Екатерина Алексеевна накинула на себя плащ и покрыла голову кружевным платком.
Часовой у выхода только хитро улыбнулся, когда Орлов с изящной женской фигурой об руку прошёл мимо него; он поспешно увлёк за собой императрицу. Им предстояло снова сделать большой круг по парку, чтобы не попасться навстречу какому-либо другому караульному посту, чтобы не быть никем замеченными.
Наконец они достигли дороги. Горизонт уже начал окрашиваться рассветом. Быстрыми шагами они направились к карете.
Орлов посадил в неё императрицу и сам вскочил затем на козлы к почтальону.
– Давай мне вожжи! – сказал он. – Теперь пойдёт езда на жизнь и на смерть.
Он взмахнул бичом, и лошади понеслись полным ходом, поднимая на дороге облако пыли.
Но в тот же самый миг Бломштедт выскочил из-за тенистых деревьев парка и вскачь понёсся прямо по полю за экипажем.
Хотя он и не узнал обеих фигур, но внутренний голос подсказывал ему, что этот таинственный отъезд должен находиться в связи с заговором, о котором сообщала Мариетта; он почти не сомневался, что это была императрица, поспешно уезжавшая отсюда; во всяком случае, он решил удостовериться в этом и, достигнув дороги, пустил по ней лошадь полным карьером.

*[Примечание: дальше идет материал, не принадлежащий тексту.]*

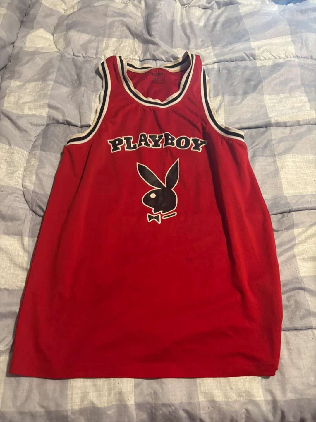 This is a red Playboy basketball jersey featuring the iconic Playboy bunny logo. It's a size S/G. It has white and black trim around the neckline and armholes.

Орлов слышал лошадиный топот; он быстро оглянулся на мчавшегося всадника и погнал уже и так дико нёсшихся лошадей. Но благородный скакун из императорских конюшен далеко превосходил в скорости почтовых лошадей, которые к тому же совершили далёкий путь из столицы.
Спустя несколько минут Бломштедт догнал карету и, поравнявшись с нею, крикнул:
– Стой! Именем императора говорю: стой!
Екатерина Алексеевна испуганно выглянула из кареты, затем быстро снова откинулась в глубину её; но одной этой секунды для нёсшегося мимо Бломштедта было достаточно, чтобы узнать черты её лица, и тем громче и повелительнее повторил он своё приказание остановиться.
– Ступайте к чёрту! – крикнул Орлов с козел. – И не вмешивайтесь в дела, которые вас вовсе не касаются!.. Ах, это вы, сударь? – иронически произнёс он, узнав молодого человека. – По-видимому, вы специально предназначены для того, чтобы становиться мне поперёк дороги… Но предупреждаю вас, это опасно! Будьте осторожны! Следующий раз клинок моей шпаги сумеет ближе познакомиться с вами!
Он ещё быстрее погнал лошадей, и карета и всадник бешено помчались вдоль дороги, так что почтальон только боязливо крестился.
– Стой! В последний раз повторяю: стой! Вы слышите, что я говорю от имени государя императора? – крикнул Бломштедт, причём заскакал вперёд и схватил за узду одну из почтовых лошадей, с силою потянул к себе её голову так, что животные, тяжело дыша и дрожа, прервали свой бег. Казалось, экипаж покачнулся и угрожает опрокинуться на обочину дороги.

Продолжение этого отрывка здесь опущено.